The Unitary Matrix
A quickie post this time:
I mentioned a while back that the ACM’s monthly magazine Communications had taken a radical turn for the better.
Recently they had one of the most interesting articles I’ve yet read in any magazine, being a straightforward description of what quantum information is like to compute with.
The core idea is that a classical system is an N x M function, taking a state of size O(N) and converting it into a (potentially smaller) state of size M. So the state evolution matrix of a classical system is an N x M matrix.
Quantum systems, on the other hand, are reversible. This means that information is not lost in a quantum system; it is just transformed. So the state evolution matrix of a quantum system is an N x N matrix, and moreover a unitary matrix that preserves magnitude (though not distribution). Hence quantum computations are fundamentally affected by interference patterns; they gave an example of how a quantum random walk winds up with a very different distribution from a classical random walk.

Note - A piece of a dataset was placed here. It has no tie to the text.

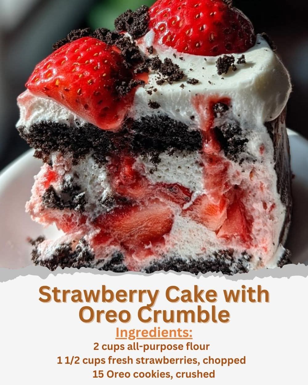This Strawberry Cake with Oreo Crumble layers soft, tender strawberry-studded cake beneath a billowy whipped cream topping and a generous blanket of crushed Oreo cookies. The batter uses buttermilk for extra moisture and lift, while fresh strawberries bring natural sweetness and pockets of juicy flavor throughout. Once baked and cooled, the cake becomes the perfect base for light whipped cream and the satisfying crunch of Oreo crumbs, creating a contrast of textures that feels both nostalgic and refreshing. Served chilled or at room temperature, it’s a crowd-pleasing dessert ideal for gatherings, celebrations, or a simple weekend treat.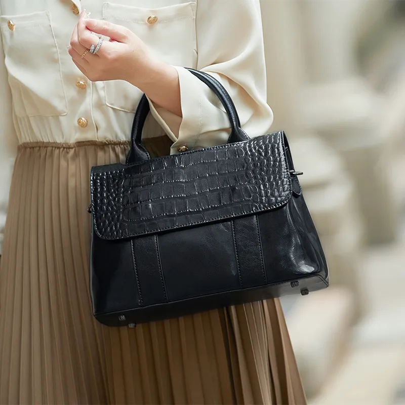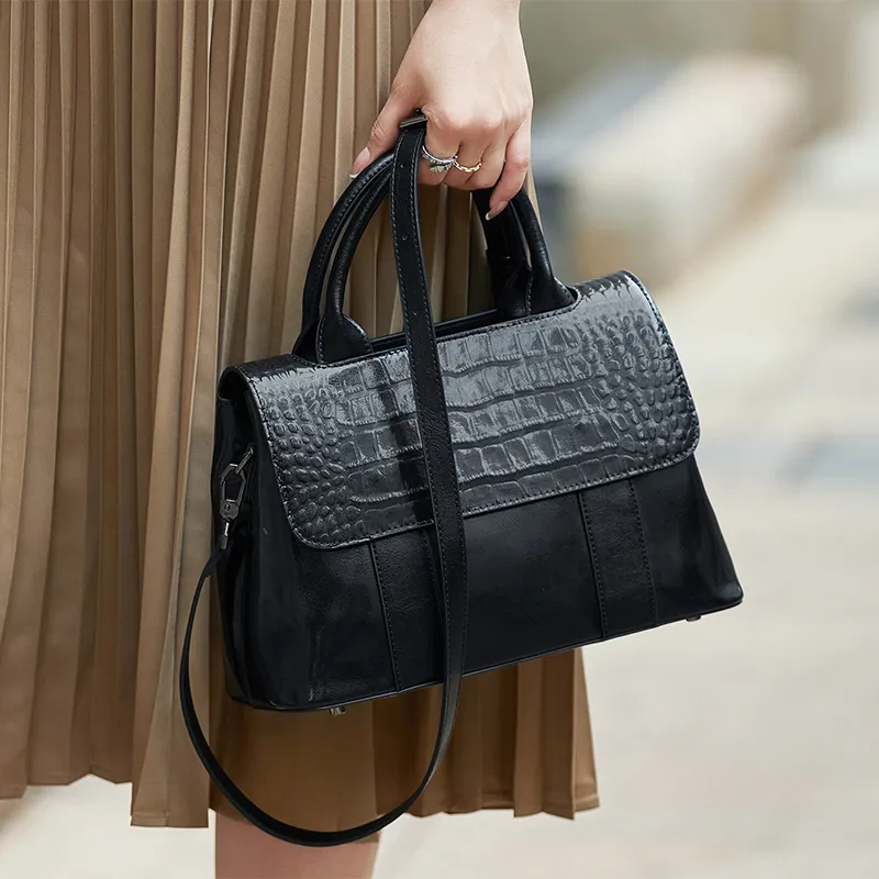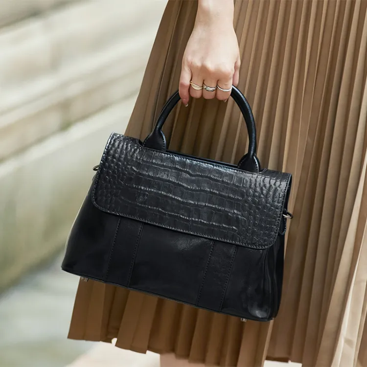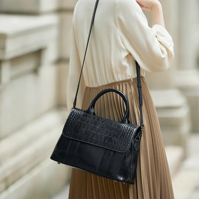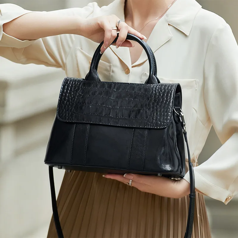 ZOOLER Сумка из крупнозернистой текстуры коровьей кожи элегантная через плечо среднего размера женская черная

It seems that the problems quantum computers are best at involve symmetries. Since a quantum computer is a very efficient way of transforming a configuration, it makes intuitive sense that it would therefore be a fast way to determine symmetry. Factoring large prime numbers is an example of finding such a symmetry (corresponding to the factorization itself).
It’s a fascinating article and explains all this much better than I am. Reversible computing is one of those Holy Grails that I truly hope arrives some year in a fashion I am capable of programming. It could be the real answer to energy issues in computing. On the other hand, it could cost more energy to create a quantum system with the right unitary matrix in the first place than you get back when reversibly running it. I very much hope we’ll find out in the next two or three decades.